There was the same sandy blonde haired, olive green eyed man I had met before. He was sitting on a bench and he flashed me a straight, white-toothed smile.

"I heard you in the opera, you're wonderful!" he said. I forced a smile and a fake

"Thank you signore." I said with a smile and he motioned for me to sit next to him. I didn't know the man but he seemed friendly enough. Within seconds we were deeply into an opera based conversation.

"La Rosa though," he said, "I'm performing in it." I tried to remember when I had seen him audition but I couldn't remember, as the entire time I had been daydreaming, "with you." I snapped back to the present and I pulled a smile, nodding.

"I'll enjoy performing it." I stated and shifted in my seat, trying not to stick to the seat in the cold.

"So will I." John replied, "La Rosa though," he repeated, pulling the thick script from his bag. "The script was poorly written... a few parts are too cliche."

I had looked at him coldly, "My father wrote it." I said and struggled to hold back a glare. He shrugged.
"I won't lie to you because he's your father." He said truthfully, "I personally don't like it." I smiled at his honest streak.

- - - - - - - ONE YEAR LATER - - - - - - -
John and I walked through the opera gardens, holding hands as we had done ever so often, the late moonlight shining onto the dew drops, making them shine like crystals on the roses. I sighed at its beauty as a smile graced my rose red lips.
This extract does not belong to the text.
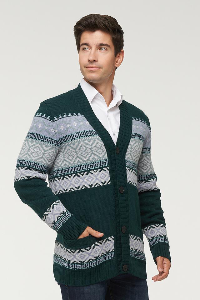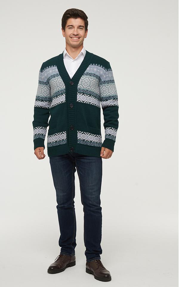 Мужской кардиган VAY зелёного цвета с традиционным жаккардовым узором. Модель выполнена из мягкой смеси шерсти и пана, имеет V-образный вырез и застёжку на пуговицы. Состав: пан 70%, шерсть 30%

John Walker looked at me and smiled.

We came to the end of the trail, into a circled area, surrounded by lilies and roses, violets and carnations and any other flower you could think of, the scent nearly intoxicating.

We came to our favorite bench, talking about everything as we sat down.

"What about our future?" John suddenly asked me and I frowned.

"What about it?" I asked, confused.

"I mean you and me Christina." I hesitated.

"John you're a very dear fri-"

"Wait! Before you say anything, I want you to ask you something." He stood from the bench and knelt in front of me. I looked at him with an unreadable face, trying to hide my mixed emotions. Did I love him? I felt horribly disappointed at the lack of feeling in his touch but...

"Will you leave the name Christina Ricci behind and marry me? Will you become Christina Walker?" He asked and held out a large diamond ring. What else do I have?… I guess this is as good as life gets. I thought and smiled at him as he slipped the ring onto my left ring finger and kiss me on the lips.

"Because that's what a ship is luv." Jack was saying and as I was pulled back into the present I realized that I had never loved John Walker. I had never even known what love felt like. I leaned further into Jack's arms that were supporting me as if from all the troubles of the world and listened, "It's not just a keel, a hole, a deck and sails... no that's what a ship needs. But what a ship is... what the Black Pearl really is... is freedom."

"I've always longed for freedom, Jack." I said truthfully. "Don't ever take it for granted that you have it." Jack looked down at me and I knew he was frowning in confusion as I slipped off the engagement ring from my finger.

"Nothing but yourself is keeping you from being free luv." I was holding the ring out over the water... I wanted to drop it... "All you have to do is let go..." and with that he took my hand and loosened my grip on the ring... I felt no remorse as I watched it fall. I turned back to the pirate captain and smiled as his lips hit mine one more time.